到此hive的安装配置已完成,可以进入hive查看一下。
hive
show tables;
三、Hbase安装
Hbase需要安装zookeeper,Hbase自带了Zookeeper,单独安装zookeeper和使用自带的我都十了一下,如果想自己安装可以安装zookeeper-3.4.5,安装zookeeper可以参考http://blog.sina.com.cn/s/blog_7c5a82970101trxu.html。
1、tar解压hbase安装包
2、配置hbase
a、/conf/hbase-env.sh
export JAVA_HOME=
export HBASE_MANAGES_ZK=true (可以启用hbase自带的zookeeper,这样也不用单独安装zookeeper了,如单独安装了,配为false)
b、conf/hbase-site.xml
该配置采用了hbase自带的zookeeper
<configuration>
<property>
<name>hbase.rootdir</name>
<value>hdfs://master:9000/hbase</value>
</property>
<property>
<name>hbase.cluster.distributed</name>
<value>true</value>
</property>
<property>
<name>hbase.zookeeper.quorum</name>
<value>slave1,slave2,slave3</value>
</property>
<property>
<name>dfs.replication</name>
<value>2</value>
<description>
</description>
</property>
</configuration>
单独安装的zookeeper采用如下配置
regionservers<configuration>
<property>
<name>hbase.rootdir</name>
<value>hdfs://master:9000/hbase</value>
</property>
<property>
<name>hbase.cluster.distributed</name>
<value>true</value>
</property>
<property>
<name>hbase.zookeeper.quorum</name>
<value>master,slave1,slave2,slave3</value>
</property>
<property>
<name>dfs.replication</name>
<value>2</value>
<description>
</description>
</property>

<property>
<name>hbase.zookeeper.property.dataDir</name>
<value>
    /home/hadoop/zk</value>
<description>
</description>
</property>


  
</configuration>注意hbase.rootdir配置需要与hadoop的配置一致。
c、conf/regionservers
slave1
slave2
slave3
到此hbase的配置已完成,用scp命令复制到slave1~salve3中。

启动hbase,
start-hbase.sh
用jps观看是否启动正常,或通过浏览器查看,master:60010。


总结:
整个部署其实没什么难度,就是配置稍微多一些,可能一个地方漏掉,就会出现莫名其妙的问题。只要选对了对应的版本,一般不会有什么问题。

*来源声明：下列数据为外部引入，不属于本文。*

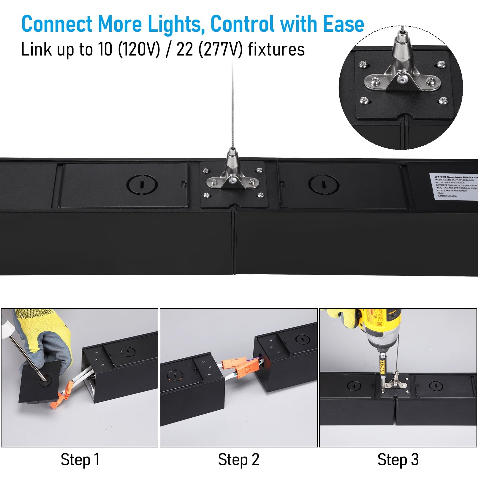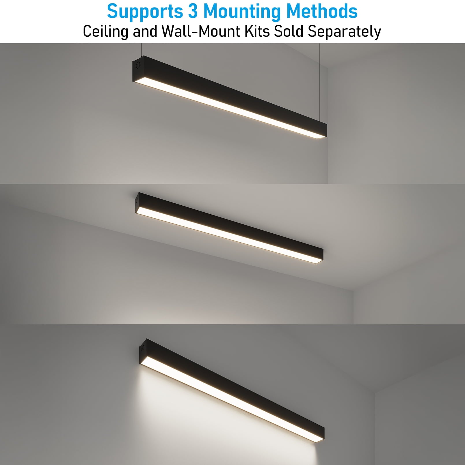 Use it as a single fixture or link multiple units into a continuous run—up to 10 units at 120V or 22 units at 270V—with just one switch to control the entire series. Every light comes with hanging hardware, and you can add professional ceiling- or wall-mount kits (sold separately) for even more installation flexibility.

我用java的api操作hbase数据库时,会报一个错,但不影响运行,在hbase shell下是可以正常操作的,不知道是版本兼容问题,还是什么问题,也没找到什么原因,我把异常放到这,希望有解决此问题的,提供一下解决方式,虽说不影响运行,但看着还是比较恶心,呵呵,异常如下:
14/05/22 13:52:49 INFO zookeeper.ClientCnxn: Session establishment complete on server slave3/100.2.12.94:2181, sessionid = 0x346227c54700001, negotiated timeout = 90000
14/05/22 13:52:51 INFO ipc.Client: Retrying connect to server: localhost/127.0.0.1:9000. Already tried 0 time(s); retry policy is RetryUpToMaximumCountWithFixedSleep(maxRetries=10, sleepTime=1 SECONDS)
14/05/22 13:52:52 INFO ipc.Client: Retrying connect to server: localhost/127.0.0.1:9000. Already tried 1 time(s); retry policy is RetryUpToMaximumCountWithFixedSleep(maxRetries=10, sleepTime=1 SECONDS)

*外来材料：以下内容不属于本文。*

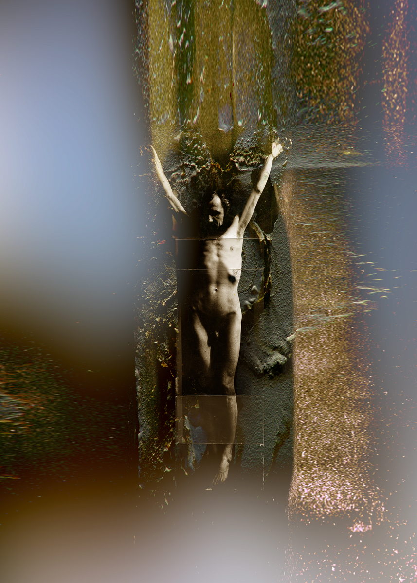 This digital artwork presents a solitary figure, arms stretched upward, merging with a textured, stone-like surface. The elongated stance conveys both surrender and endurance, as if the body has become part of the environment. Shadows carve the figure into the background, emphasizing the fragile line between human form and surrounding void.

14/05/22 13:52:53 INFO ipc.Client: Retrying connect to server: localhost/127.0.0.1:9000. Already tried 2 time(s); retry policy is RetryUpToMaximumCountWithFixedSleep(maxRetries=10, sleepTime=1 SECONDS)

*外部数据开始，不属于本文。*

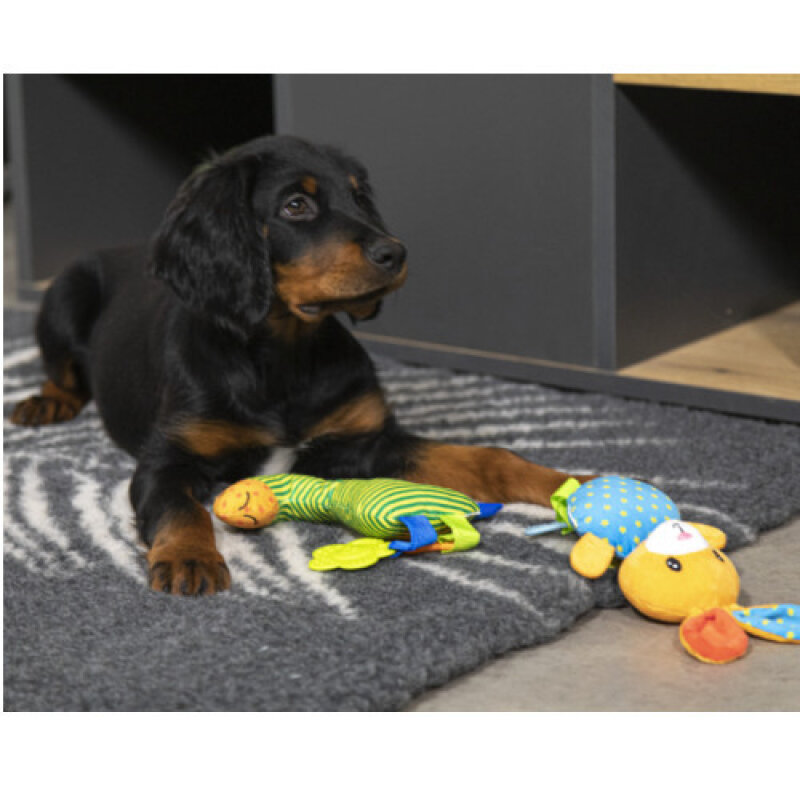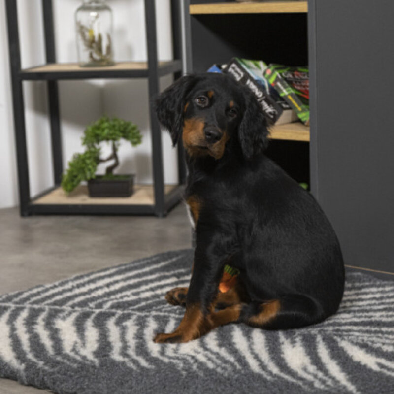 D'une grande résistance, aucun risque d'être abîmé par les griffes et les mordillements, la fibre polyester est solide et le fond en latex à la matière antidérapante est très efficace. Peu importe les assauts du chien, le tapis restera stable pour apporter une performance idéale et très rapidement procurer un effet relax au chien.

14/05/22 13:52:54 INFO ipc.Client: Retrying connect to server: localhost/127.0.0.1:9000. Already tried 3 time(s); retry policy is RetryUpToMaximumCountWithFixedSleep(maxRetries=10, sleepTime=1 SECONDS)
14/05/22 13:52:55 INFO ipc.Client: Retrying connect to server: localhost/127.0.0.1:9000. Already tried 4 time(s); retry policy is RetryUpToMaximumCountWithFixedSleep(maxRetries=10, sleepTime=1 SECONDS)
14/05/22 13:52:56 INFO ipc.Client: Retrying connect to server: localhost/127.0.0.1:9000. Already tried 5 time(s); retry policy is RetryUpToMaximumCountWithFixedSleep(maxRetries=10, sleepTime=1 SECONDS)
14/05/22 13:52:57 INFO ipc.Client: Retrying connect to server: localhost/127.0.0.1:9000. Already tried 6 time(s); retry policy is RetryUpToMaximumCountWithFixedSleep(maxRetries=10, sleepTime=1 SECONDS)
14/05/22 13:52:58 INFO ipc.Client: Retrying connect to server: localhost/127.0.0.1:9000. Already tried 7 time(s); retry policy is RetryUpToMaximumCountWithFixedSleep(maxRetries=10, sleepTime=1 SECONDS)
14/05/22 13:52:59 INFO ipc.Client: Retrying connect to server: localhost/127.0.0.1:9000. Already tried 8 time(s); retry policy is RetryUpToMaximumCountWithFixedSleep(maxRetries=10, sleepTime=1 SECONDS)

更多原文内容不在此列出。